Tuesday, 15 September 2009

In Praise of Philippe Starck's "Apprentice"

I liked Philippe Starck's "Design Apprentice" last night on BBC2 (actually called School Of Design, where budding designers compete to work for him).


Now I will admit I also like the actual Apprentice (with Sir Alan Sugar), it being the reality show you can follow in one hour bursts that are full of detail, and you get it over with in a few short weeks. I admire its manipulative editing and its crass light entertainment that manages to pass itself off as in some way informative and insightful, and I have no doubt School Of Design will amount to the same shallow froth.

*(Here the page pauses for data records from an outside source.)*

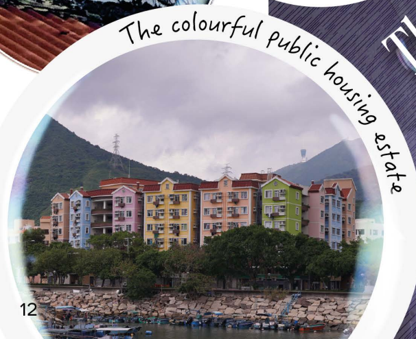
The colourful public housing estate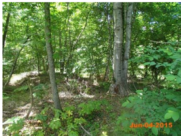
East Fork Pigeon River-Permanent Photo Station 12 East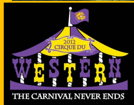
Above: Some first year cohort members enjoy the parade. Middle: 2012 Homecoming Theme- "Cirque Du Western" Below: A few 2nd year cohort members wait for the parade to start.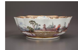
Title: Quatrefoil-Shaped Bowl Date: probably 1740 Primary Maker: Meissen Porcelain Manufactory Medium: Hard-paste porcelain Dimensions: Diam.: 9 1/8 in. (23.8 cm)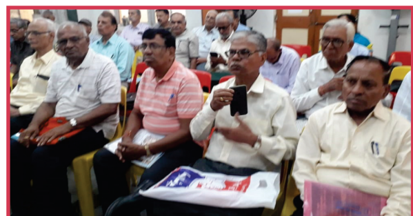
View of Audience at EOGBM held at Pune on 23.05.2022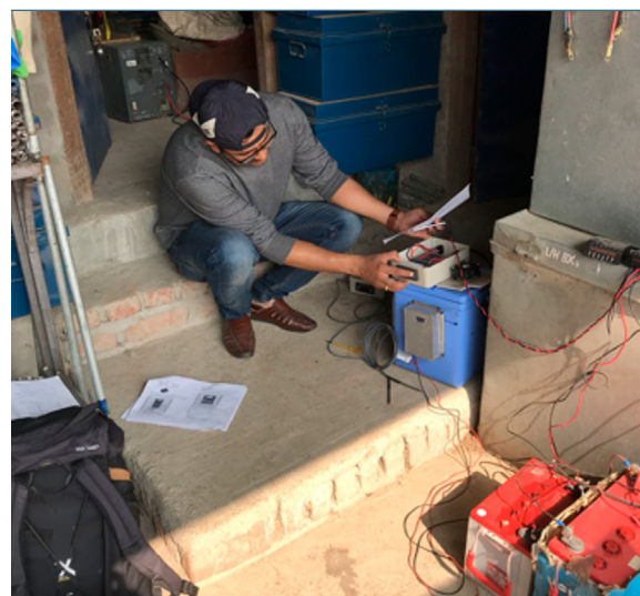
Figure 3: Locally constructed solar-powered incubators in Nepal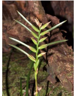
Broadly spreading fruiting capsules are arranged ladder-like (MP)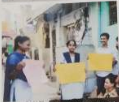
Visakhapatnam, Andhra Prade 22-29-16, Port Area, Visakhapatnam, Andhra 530020, India Lat 17.698972° Long 83.300335° 16/09/22 04:32 PM GMT +05:30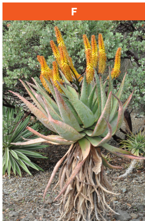
F Aloe marlothii Native to South Africa Single head to 8-10 ft. tall Full sun Hardy to 27°F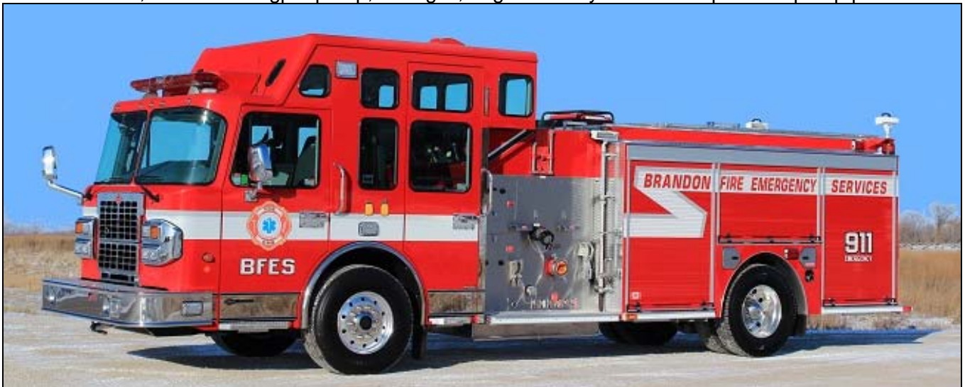
Brandon, MB just purchased this 2014 Spartan Metro Star/Fort Garry pumper with a 1050igpm Darley pump, 500gwt, 25gft, a FoamPro 2001 foam system and enclosed pump panel.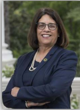
Cecilia Aguiar-Curry California State Assembly, District 4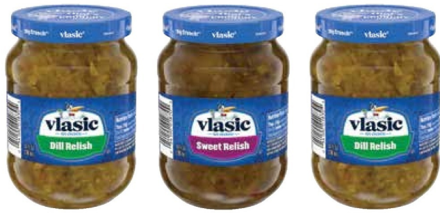
Vlasic Pickle Relish 10 oz.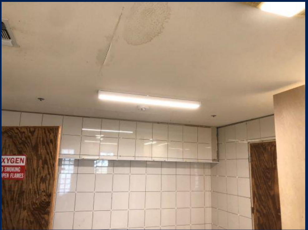
Pics of large restroom in one home. Other home has same floorplan.

However I will stand up and shout the praises of SOD (someone didn't think that acronym through) far more than I ever would the Apprentice for one simple reason, I value the end product.

The Apprentices manque are striving for a job, a boring job, as a lowly drone in the Amstrad business empire whose only aim from there can be to work themselves up. To where? The top of the Amstrad business empire. Just how worth the effort is that? Which small child when asked what they want to be when they grow up says I want to be quite big in a company that makes, er, naff computer peripherals and owns some property. There really is only one thing on offer in the Apprentice and it is, a long way down the career line from the end of the show, lots of money.

Whereas School Of Design's raison d'etre is design. So at every step the contestants are thinking, doing, practising, and leading the viewer to think about design. And design is a good thing. Albeit there is good design and bad design, as this first episode concentrated on demonstrating, either way the very existence of design is something that advances cultural thought.

And more than that, design gives. Every design does something for everyone else, it is intended to be used or rejected by a consumer, whereas money, the raison d'etre of the Apprentice, doesn't. In competing to become part of Philippe Starck's team, each contestant wants to share their undeniable talent and ability with the world and, though they obviously hope to make their living doing so, their first concern is creating works of design that have never existed before and making the world a richer place through their efforts.

Whereas the Apprentices want to make money and they want to keep that money. They are greedy, self-serving, competitive people whose aim is to be richer than other people and who see anyone who doesn't compete with them as losers.

So, to sum up, the Apprentice is evil and a cancer in the heart of society, and School Of Design is good and beautiful. The end. Signed Kev.